Valid arrests and invalid state action

Some weeks ago I asked the question as to what would have been the fate of the Muslim attorney arrested on alleged ‘terrorist’ links if that Bill had become law? The answer to that question is self evident. Indeed, its enactment, after months of secretive drafting, was only prevented at the eleventh hour when it was leaked to this newspaper, resulting in public uproar and furious backpedaling by the Government. Even after the 2019 Easter Sunday attacks, the former Premier could only bleat that this law had to be passed.

This was despite the miserable culpability of the warring coalition Government and the responsibility of former President Maithripala Sirisena which he heinously refuses to admit, being the primary reason for the poisonous blossoming of islamist jihadism leading to attacks on churches and hotels.

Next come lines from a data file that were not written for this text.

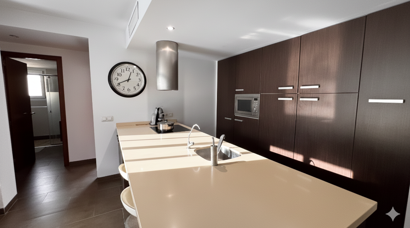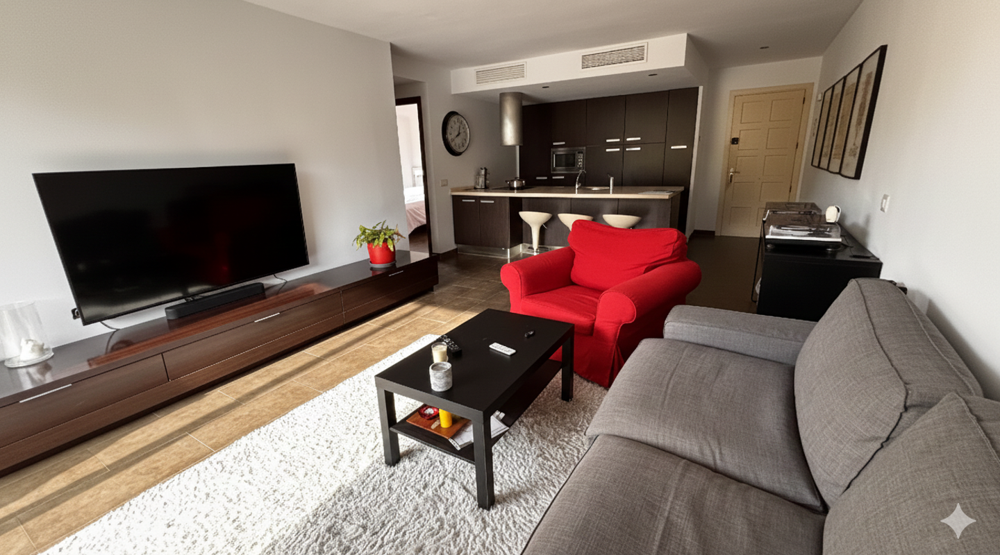 The apartment features two bedrooms and a contemporary bathroom equipped with high-quality Bosch appliances. Additional features include a private rooftop terrace with jacuzzi, energy-efficient double-glazed windows, air conditioning, and an elevator, ensuring maximum comfort.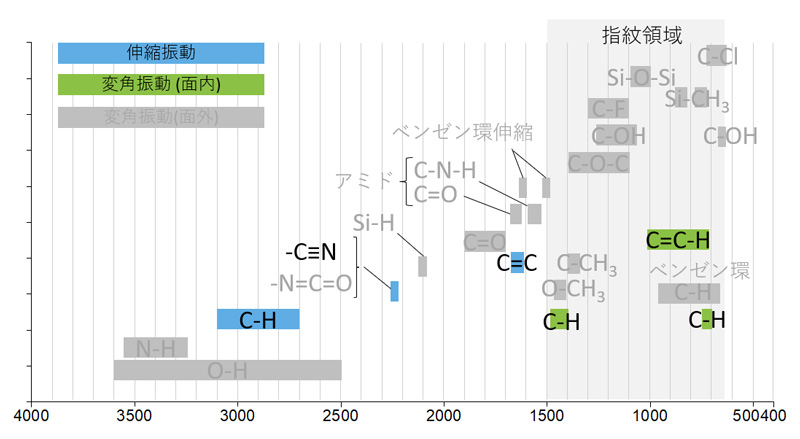 NBR は、C-H バンド、ニトリル(-C≡N)バンド、C=C-H 二重結合に由来するバンドの吸収が得られます。未配合 NBR の主要なグループ振動を図1にまとめました。
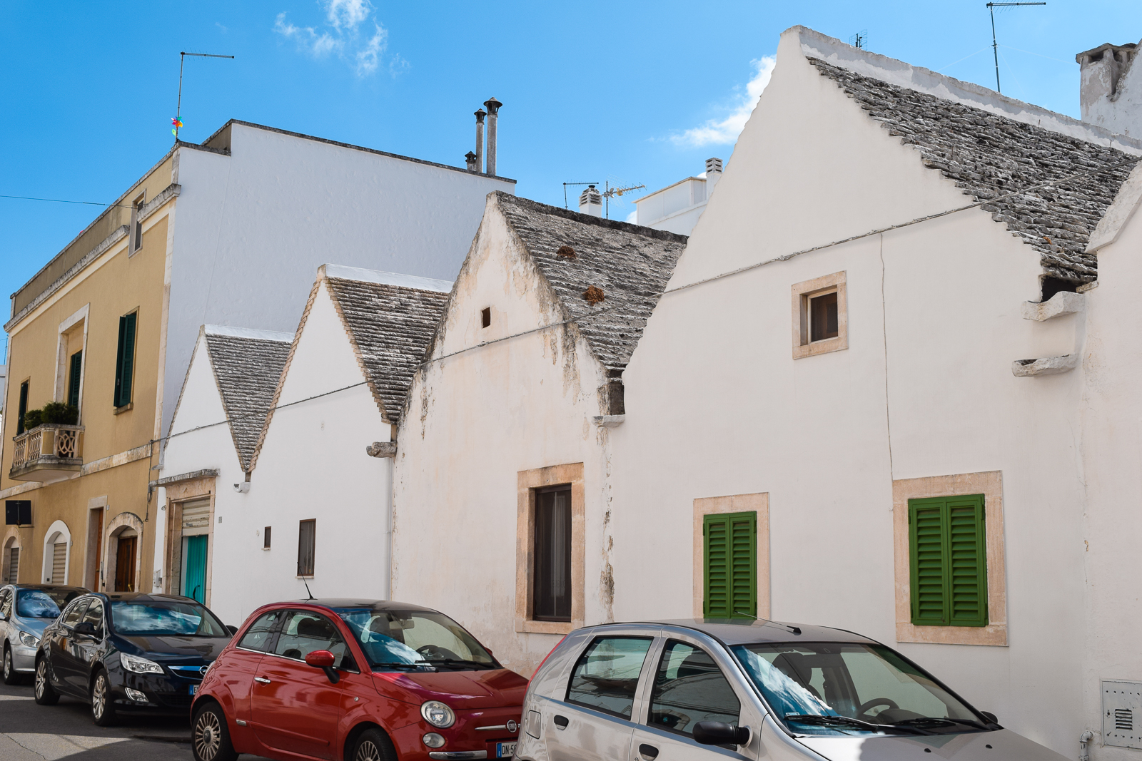 Like much of Puglia, Locorotondo is rich in blindingly white limestone houses and narrow alleyways bedecked in geraniums and citrus plants wound in true Italian style around squares and tiny palm-sheltered courtyards. The limestone paint used in the buildings was said to have warded the plague back in the 1690s, similar to the town of Ostuni. By the time my mother had parked the cark and we'd wandered into the first piazza, I was smitten. Different from Alberobello and Ostuni, the roofs here recall a mix between the two villages. The structures are tall and braced with arched passages with black limestone roofs pitched similar to a trullo. The shapes of the roofs are iconic. They recall what a child might draw when asked to draw a house, a triangle top and square base.

Equally culpable were purportedly ‘academic’ critiques framed around the ‘radicalism of Muslims’ being the inevitable result of Rajapaksa-led Sinhala-Buddhist militarisation without acknowledging that militaristic ‘Wahabi-ism’ of Mawanella and Kattankudy in particular originated in another, distinctly deadly source.

However that critique is quite different from the manner in which the law is operated against individuals. If, as the state law officer had apparently argued before court this week, the Muslim attorney who had been arrested was an ‘islamist theoretician,’ then this must be objectively established on credible grounds at the time of arrest. It cannot be proved through the bullying of children by the CID after the event as even the village idiot would affirm. This legal distinction marks a valid arrest from invalid state action, which question is now before the courts for scrutiny.

The difference in law between civility and barbarism

That principle had been strongly upheld in the past by Supreme Court judges who had the intellectual capacity and a smidgen of belief in their constitutional role. In fact, as was once remarked, this caution is what stands between a civilised society and a state of barbarism. But this is fast becoming a distinction without a difference as feverish political manipulation of high profile atrocities are propelled by the approaching elections. The dreadful taint of public disenchantment with the very term ‘governance’ (‘yahapalanaya’) has sapped reasonable public discourse. Locke’s idea of the social contract between the State and the citizen will yield to a compact between villainous politicians which remains unaffected by electoral changes.

To combat this, a critical mass of civil society must mount an apolitical challenge to the political establishment and not be cajoled into one political corner or the other. Professional associations must speak up. In this regard, the silence of the Bar Association of Sri Lanka is shameful given that former greats of the profession stood up to the State even in the most chilling of times. If that silence persists on the part of citizens, we are fated to repeat the mistakes of history which, like Kuveni’s fabled if not apocryphal curses, seem determined to perpetually afflict this nation.

And our painful recovery from an exceptional state of extra-constitutional being which this country is slipping into with extraordinary speed, will become impossible.